Только это не отсутствие доказательств. Если что-то и вправду происходит, доказательств обычно пруд пруди.
Предположим, книг Дианы Хантер на самом деле не существует, а она каким-то чудом сумела убедить весь мир, что они есть. Странный перформанс. Такое, наверное, можно было провернуть лет двадцать назад. Нейт бы не хотелось, чтобы это оказалось правдой. От мысли о том, что сами книги могут оказаться мифом, ей становится не по себе: выдуманные истории Дианы Хантер вторгаются в реальный мир, который должен быть куда более материальным и надежным. От мысли о том, что все они могут существовать лишь как издательские макеты или аннотации, хотя в голове Дианы Хантер содержится намного больше информации, волоски на шее становятся дыбом.

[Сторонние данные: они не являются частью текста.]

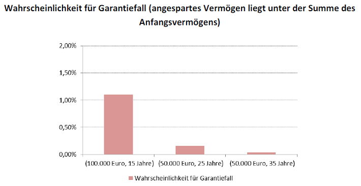 Das Risiko, dass der Garantiefall eintrifft, ist nicht gleichzusetzen mit dem Totalverlust des eingezahlten Kapitals. So betrug der durchschnittliche Verlust in den Berechnungen über 15 Jahre 8.000 Euro, der maximale Verlust lag unter 50.000 Euro.
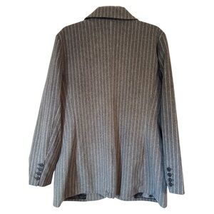 Elevate your wardrobe with this sophisticated gray pinstripe blazer. Perfect for both professional and casual settings, it offers a timeless style and comfortable fit.
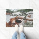 Get close-up and personal with this longhorn steer painted in an impressionist style. Rust orange, grey, white and green blur together to create this lovely portrait of our state cow. The word "howdy" greets your guests. Personalise with your family name or message at the bottom. Matching products available.
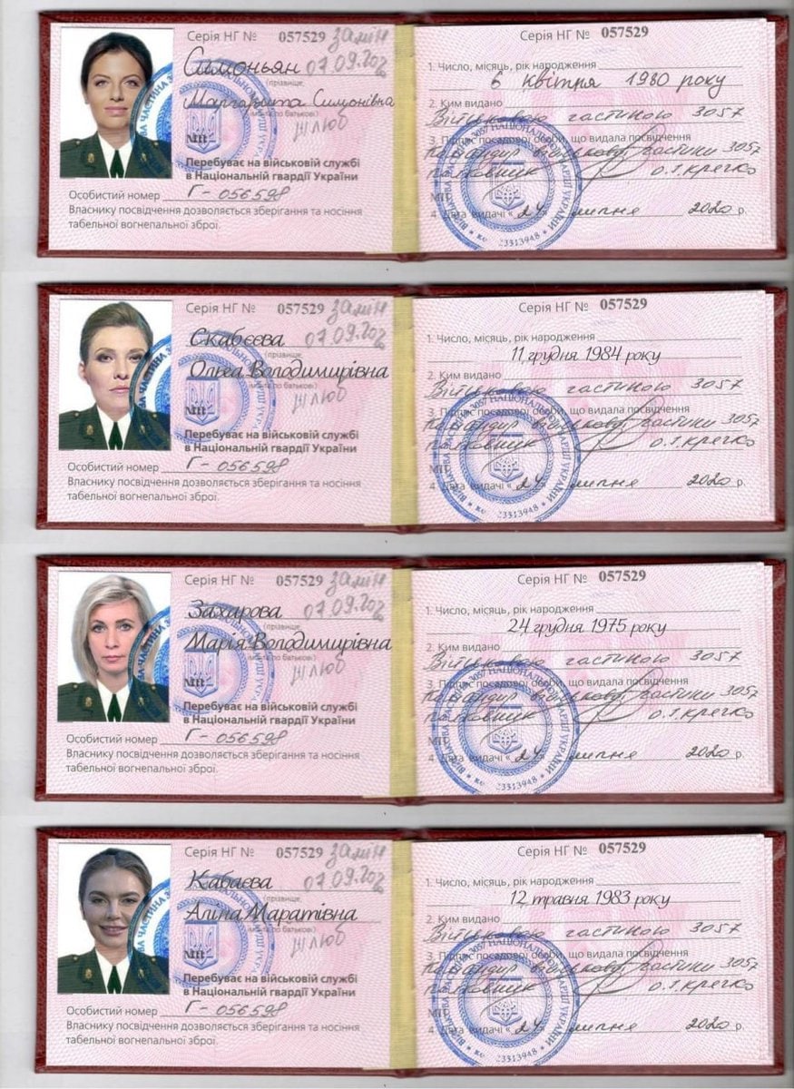 Там опубликовали серию фейковых документов – удостоверений о пребывании на военной службе в НГУ, оформленных на имена российских пропагандисток Маргариты Симоньян и Ольги Скабеевой, представительницы российского МИД Марии Захаровой и предполагаемой любовницы российского президента, спортсменки Алины Кабаевой.
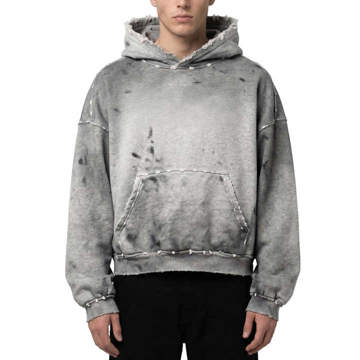 Sudadera con Capucha Extra Grande para Hombre, Lavada al Ácido, 100% Algodón, Estilo Desgastado, Efecto Desteñido por el Sol, Ropa Urbana
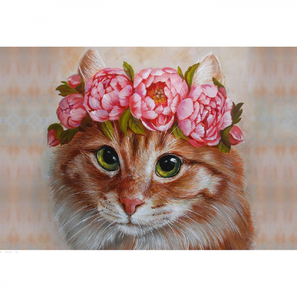 Взяв в руки кисти и краски и потратив пару часов, можно с головой погрузиться в увлекательное творчество и нарисовать прекрасную картину с портретом кошки с цветочным венком.

Что-то. Что-то тут такое.
— А она писала об огне? Мотив пожара, пламени? Огненный хребет? Огненные судьи?
— Ого! Боже мой, нет. Ничего подобного я, кажется, не слыхал. Это детская книжка? Или специальное издание? Если первое, можно попробовать найти; чаще всего из рук создателя ускользают именно первые работы, а потом выбираются в большой мир. Хотя иногда наоборот — последние…
Шенд пожимает плечами: загадочные судьбы искусства.
Нейт объясняет, что это не название книги, просто словосочетание, и Шенд с сожалением качает головой: нет, увы, он не знает, что бы это могло значить. Он нервно поглядывает на нее, и инспектор понимает, что Шенд ждет ее реакции на рассказ о книгах-призраках и его личной теории заговора. Нейт улыбается неформальной улыбкой, призванной показать, что официальный разговор завершен. Она не настолько мелочна, чтобы стыдить романтика за бурную фантазию, поэтому просто говорит, что «Шенд и Компания» — очаровательный и элегантный магазин, как, впрочем, и его владелец. И благодарит за уделенное время.
* * *
Снаружи ее тоскливо ждет одинокий электрорикша. Стоит ей переступить порог, он срывается с места и катится с ней так решительно, что Нейт вздрагивает. Скрип тормозов, и Свидетель просит прощения за то, что напугал ее. Велюровое сиденье подогревается, и в дороге ее почти не трясет. Нейт решает, что нужно отложить запись допроса Хантер на завтра и хорошенько выспаться, наконец отдохнуть. Подъем по лестнице кажется бесконечным и отнимает остатки сил. Все тело болит. Нет, никакой работы сегодня. Просто выспаться.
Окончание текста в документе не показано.